What is the central theme of your book?

This book considers mass media and contemporary cultural trends to examine masculinity at a point of unprecedented change. While sexual and gender politics have always been fraught, the long unexamined privilege associated with masculinity is now subject to intense scrutiny marked by a host of complex factors.

What inspired you to write this book?

As past markers of masculine norms have been challenged on cultural, social, and economic fronts, men occupy public space ever aware that how they interact with others is questioned and questionable. What does manhood mean? Who is included in its dominant formations? What performances signify membership in the club? How are men reading this contemporary moment and to what extent does cultural literacy inform, maintain, or challenge normative male identities and subsequent performances? This work examines such questions through language and symbolic meaning, and challenges its readers to critically examine what men know and how they understand and embody gender and sexuality in a post-millennial society.

Why is this book important in your field? What does it contribute to the current body of knowledge on its topic?

This book looks at masculinity through the lens of literacy studies. While literacy has been studied in many forms, such as recent work regarding its intersection with sexuality, I am not sure I have seen another text that approaches this topic in the manner in which we did.

What is the one thing you hope readers take away from your book?
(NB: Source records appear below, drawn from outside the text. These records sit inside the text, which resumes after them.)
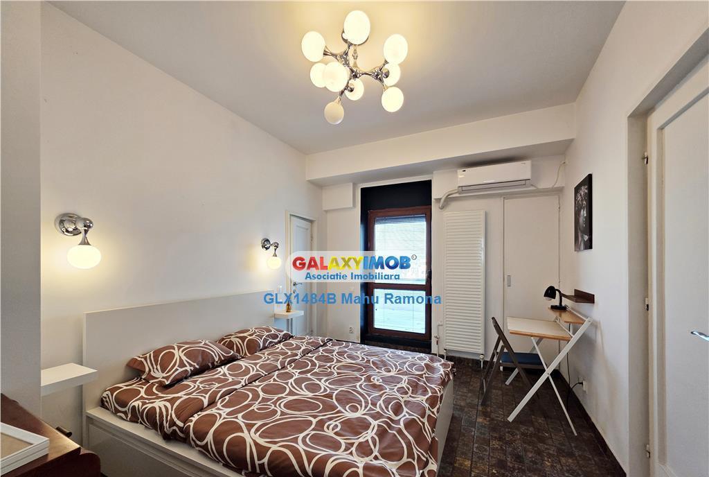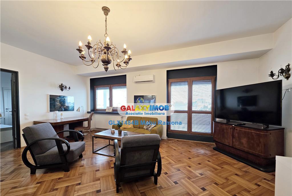 Oferta Exclusiva Avem cheile proprietatii Va propunem spre inchiriere un cochet apartament de 4 camere situat intr-un imobil construit in 1947 consolidat imediat dupa 1977 in apropiere de Parcul Izvorul Rece si Biserica Popa Soare Este mobilat complet cu foarte mult gust designul fiind o imbinare a stilurilor art-deco si modern Multe piese de mobilier au fost reconditionate si adaptate stilului de viata modern iar cele noi au fost alese cu grija pentru a se potrivi cu designul apartamentului Impartirea este semi-decomandata accesul in unul dintre cele doua dormitoare facandu-se din living Living-ul este generos avand 29 29 mp la care se adauga o camera de 15 37 mp despartita de living printr-o usa culisanta Atractia zonei de zi o constituie semineul care a fost reconditionat Dormitorul matrimonial prevazut cu baie proprie si dressing are o suprafata de 12 60 mp Baia matrimoniala este amenajata modern cu obiecte sanitare noi de foarte buna calitate cada si chiar un TV daca doriti sa va urmariti emisiunea preferata in timpul unei bai relaxante Dormitorul secundar este generos ca suprafata 23 23 mp si a fost prevazut cu o baie cu cabina de dus si chiuveta fara WC prin reamenajarea unei debarale Toaleta de serviciu este accesibila din holul de intrare in apartament Bucataria are intrare atat din holul principal cat si din living printr-un hol de trecere Dotarile bucatariei sunt de ultima generatie iar mobilierul este nou si modern Din constructie bucataria a fost prevazuta cu un loc de gratar folosind cosul de evacuare al semineului din living Apartamentul dispune de multiple spatii de depozitare camera tehnica debara balcon inchis cu acces la scara de serviciu Aflat la etajul 5 al unei cladiri cu 6 etaje mansarda apartamentul dispune de o terasa generoasa de 43 mp un loc perfect pentru petrecerea timpului liber in zilele insorite Accesul catre terasa se poate face atat din living cat si din cele doua dormitoare Terasa este prevazuta cu un sistem de pulverizare fina a apei pentru a va racori in zilele toride de vara Amplasarea in centrul Bucurestiului apropierea de cele mai importante zone de interes de magazine scoli locuri de joaca pentru copii banci institutii restaurante mijloace de transport in comun etc face ca acest apartament sa fie foarte atractiv pentru persoanele care doresc sa locuiasca in inima orasului Contractul de inchiriere se va inregistra la ANAF Comisionul agentiei 50 din prima chirie Pentru comision se emite factura fiscala fara TVA Informatii eficienta energetica Clasa energetica C Consumul de energie primara Indicele de emisii echivalent CO2 Consum de energie din surse regenerabile
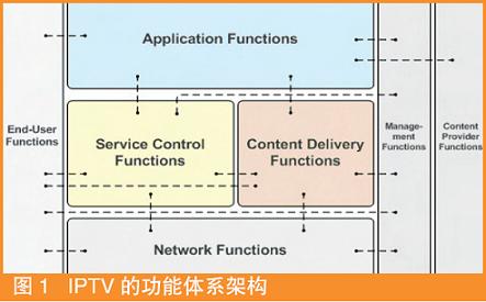 最終的IPTV的體系架構(gòu)與第六次會(huì)議的體系架構(gòu)沒(méi)有太大的差別,只是在細(xì)微之處進(jìn)行了細(xì)化和完善。IPTV的功能體系架構(gòu)包含7個(gè)部分:端用戶(hù)功能、應(yīng)用功能、業(yè)務(wù)控制功能、內(nèi)容分發(fā)功能、網(wǎng)絡(luò)功能、管理功能和內(nèi)容提供功能,如圖1所示。
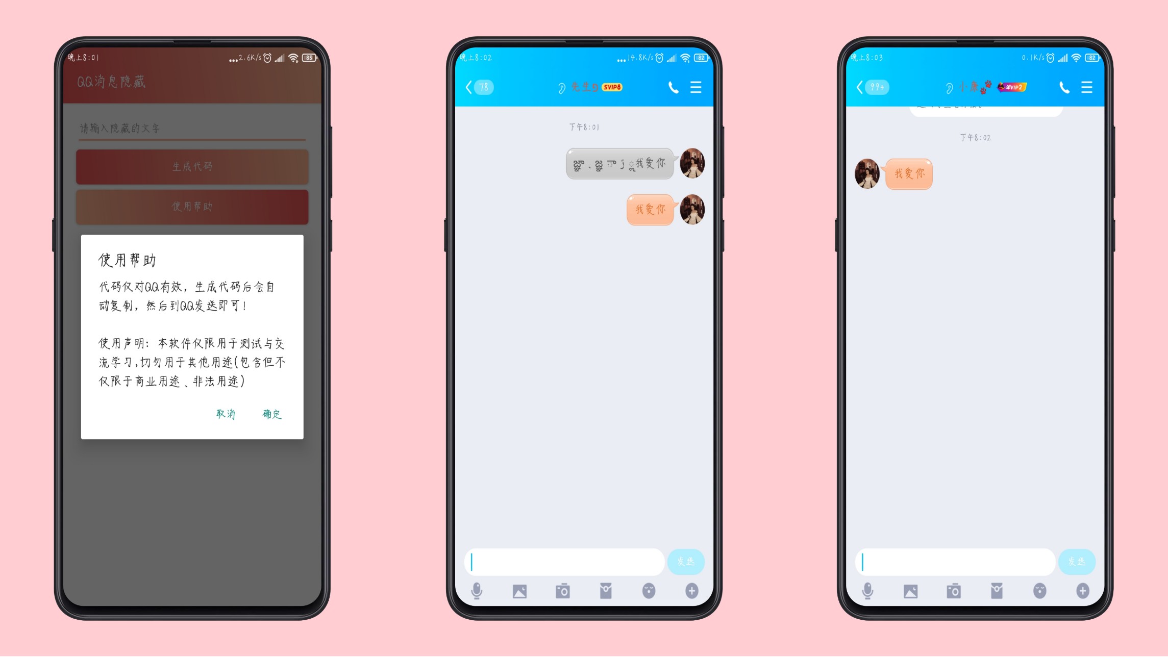 一款非常好用的QQ消息隐藏软件,软件可以帮助你隐藏聊天时候的信息,比如你要给女神发个我爱你又不敢让她看到,那你就需要这款软件加上代码之后发送消息别人也看不到消息哦!
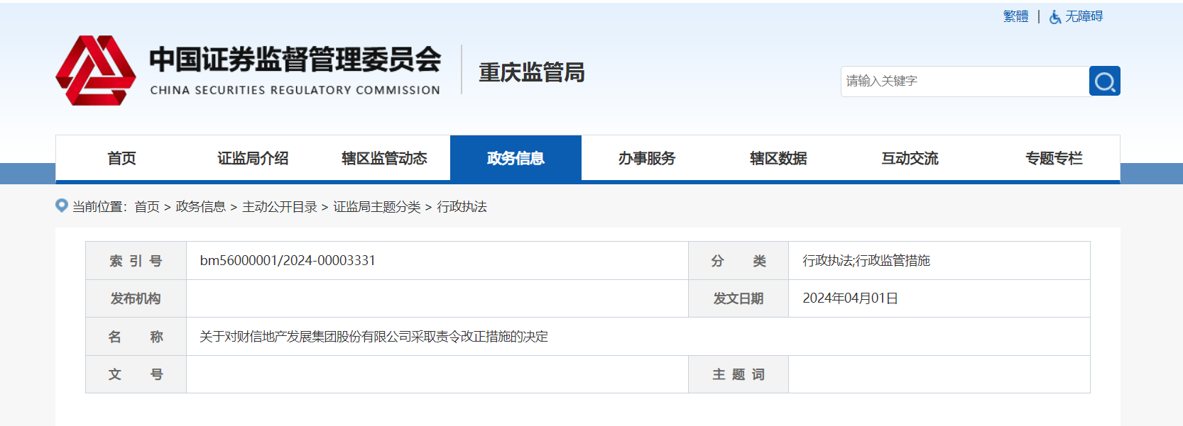 近日,据重庆证监局官网消息,财信地产发展集团股份有限公司(简称财信发展)收到中国证券监督管理委员会重庆监管局下发的《关于对财信地产发展集团股份有限公司采取责令改正措施的决定》和《关于对鲜先念、王福顺、闫大光采取出具警示函措施的决定》。
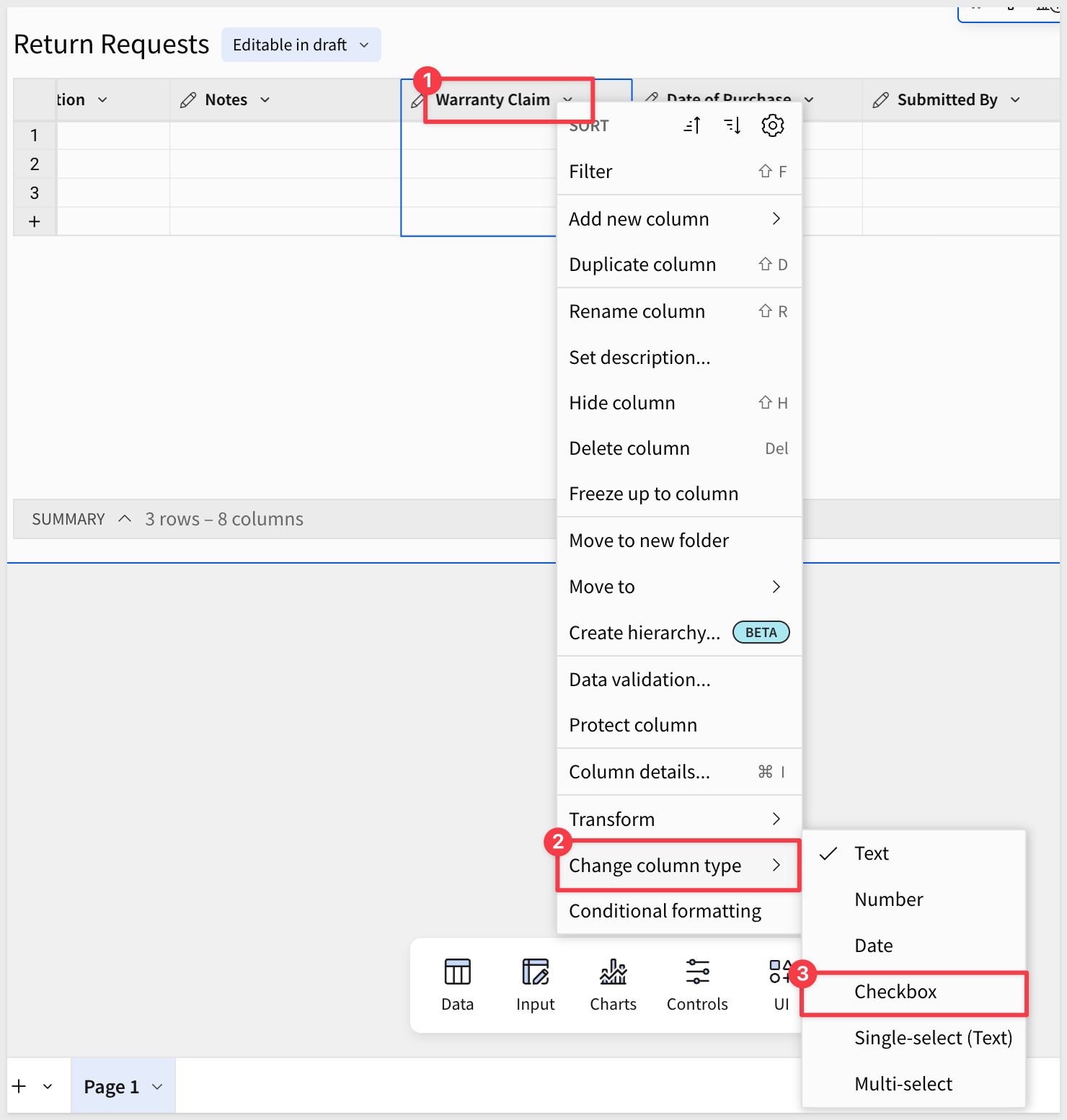 Click the Warranty Claim column header, open the column menu, select Change column type, and set the type to Checkbox:
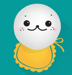 The mark consists of the face of a seal (round eyes, small eyebrows, freckles with blushing cheeks, and connected nose and grinning mouth) which is wearing a yellow, frilled bib that has a teal line near the border of the bib; the bib's tie is yellow and partially visible on the top-right of the bib; the teal background is not part of the mark.
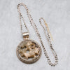 Necklace measures approximately 32 inches around. Pendant is about 3 inches tall from top of bale and 2 1/4 inches wide.

In short, to stop and consider all of the information and media that is thrust upon us each day – to think through how specific performances of masculinity are being challenged and how new ways of doing or being masculine are finding a way into contemporary cultural conversations.

What other books have you had published?

Out in the Center: Public Controversies, Private Struggles

This work examines such questions through language and symbolic meaning, and challenges its readers to critically examine what men know and how they understand and embody gender and sexuality in a post-millennial society.

Fun Facts

When did you join Dyson College?

2014

What motivates you as a teacher?

Supporting my students and writing staff as best I can.

What do you do in your spare time; to relax/unwind?

Play basketball and tennis

What are you reading right now?

Covered in Ink: Tattoos, Women, and the Politics of the Body by Beverly Yuen Thompson.